---
name: bio-assembly-qc
description: Assemble genomes/metagenomes and produce assembly QC artifacts.
---

# Bio Assembly QC

Assemble genomes/metagenomes and produce assembly QC artifacts.

## Instructions

1. Select assembler based on read type and genome size.
2. Run assembly with resource-aware settings.
3. Run QUAST/MetaQUAST and summarize metrics.

## Quick Reference

| Task | Action |
|------|--------|
| Run workflow | Follow the steps in this skill and capture outputs. |
| Validate inputs | Confirm required inputs and reference data exist. |
| Review outputs | Inspect reports and QC gates before proceeding. |
| Tool docs | See `docs/README.md`. |

## Input Requirements

Prerequisites:
- Tools available in the active environment (Pixi/conda/system).

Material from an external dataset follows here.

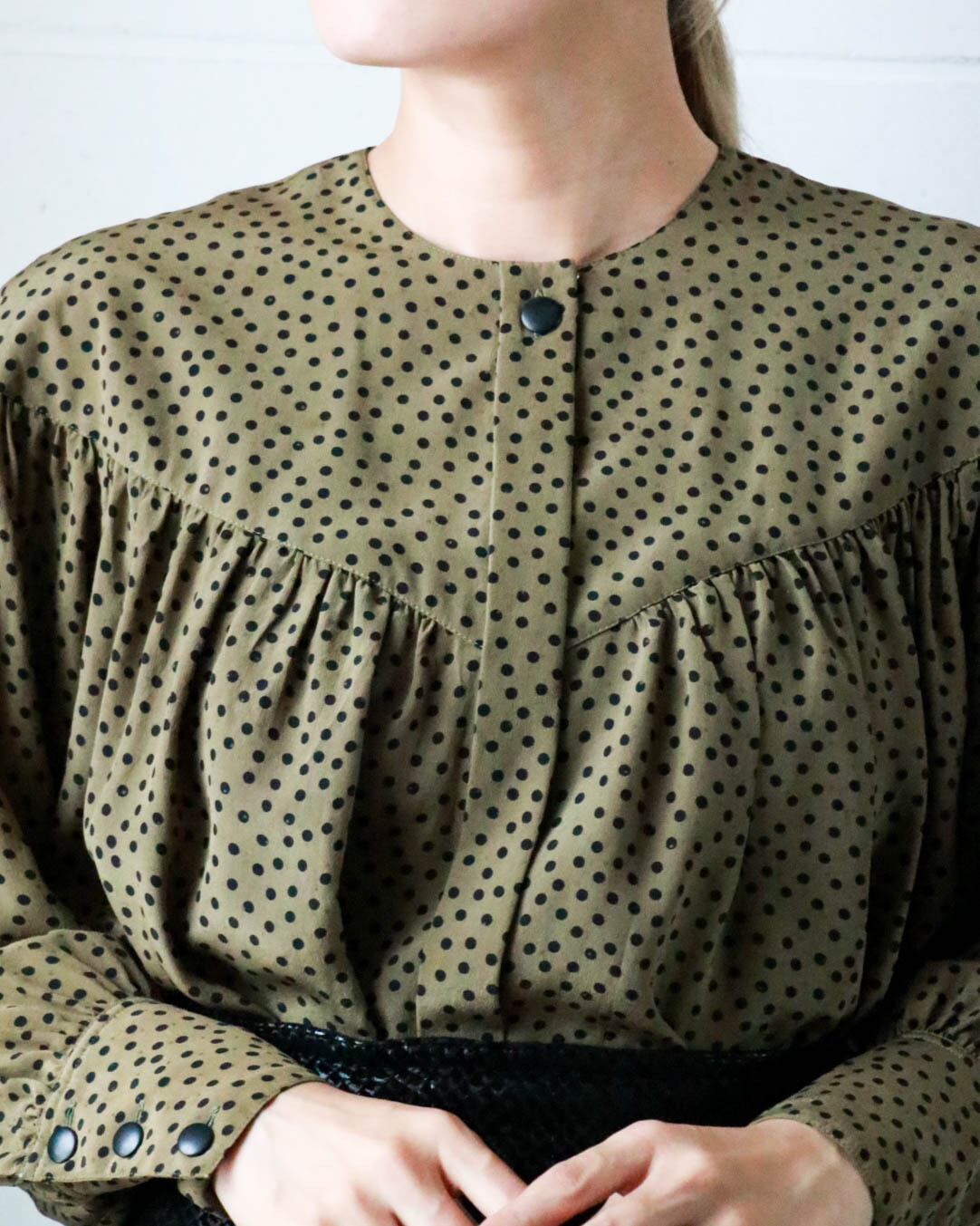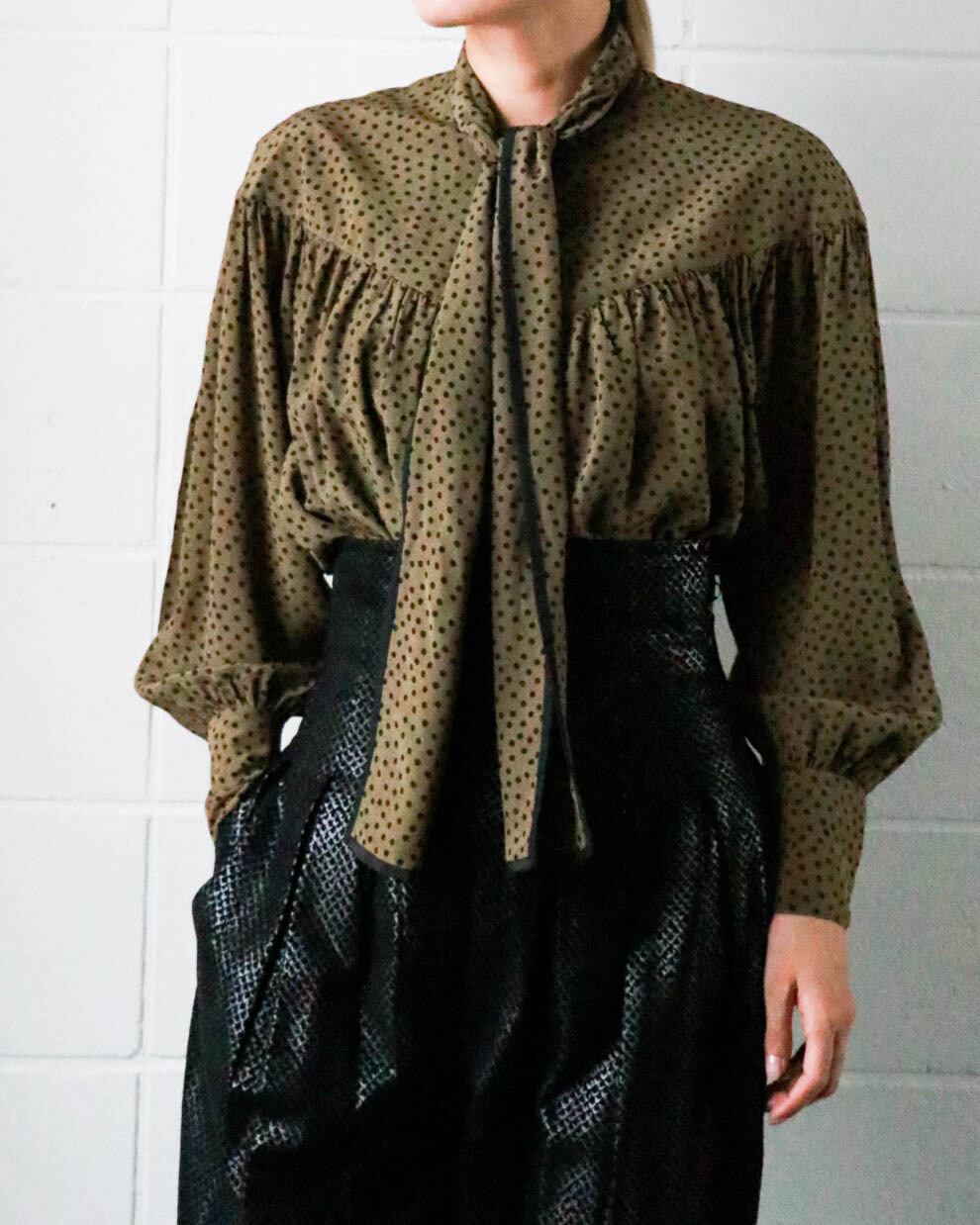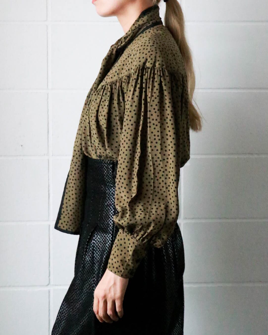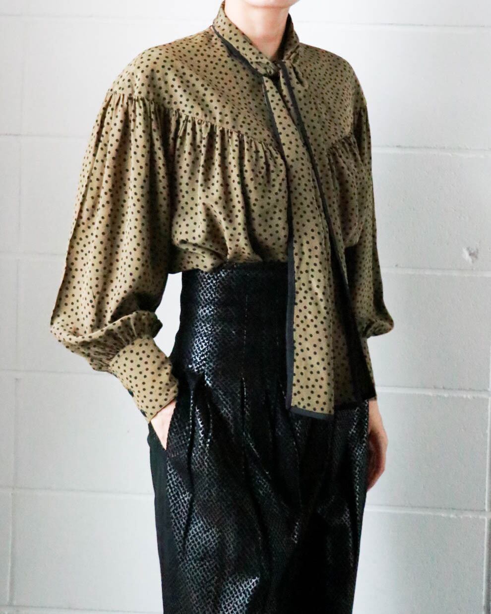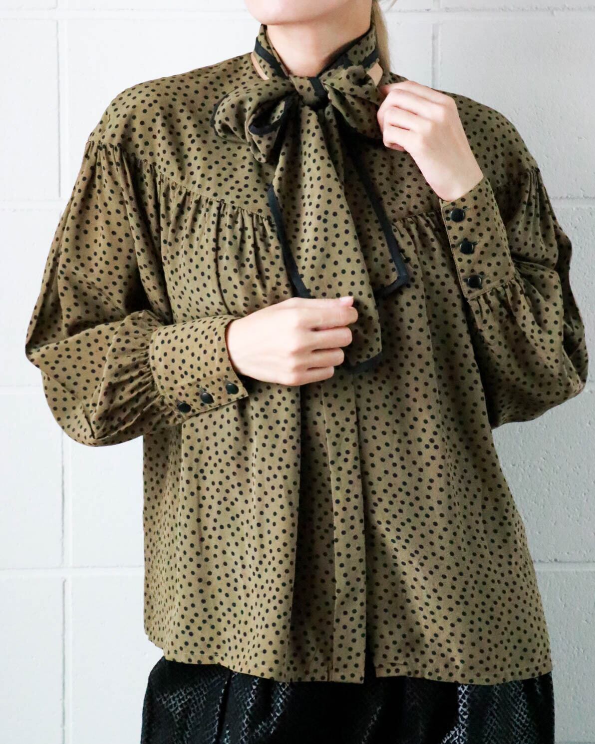 フェミニン感溢れるドット柄のディオール ブラウス。蕩けるような肌触りの良い生地で首元は同生地のリボンがとってもキュート。真冬はタートルのニットをインナーに、一年中お楽しみください!!

See `docs/README.md` for expected tools.
- Sufficient disk and RAM for chosen assembler.
Inputs:
- reads/*.fastq.gz (raw reads).
- assembler choice (spades | flye).

## Output

- results/bio-assembly-qc/contigs.fasta
- results/bio-assembly-qc/assembly_metrics.tsv
- results/bio-assembly-qc/qc_report.html
- results/bio-assembly-qc/logs/

## Quality Gates

- [ ] Assembly size range and N50 distribution meet project thresholds.
- [ ] On failure: retry with alternative parameters; if still failing, record in report and exit non-zero.
- [ ] Verify reads are present and gzip-readable.
- [ ] Check available disk space before assembly.

## Examples

### Example 1: Expected input layout

```text
reads/*.fastq.gz (raw reads).
assembler choice (spades | flye).
```

## Troubleshooting

**Issue**: Missing inputs or reference databases
**Solution**: Verify paths and permissions before running the workflow.

**Issue**: Low-quality results or failed QC gates
**Solution**: Review reports, adjust parameters, and re-run the affected step.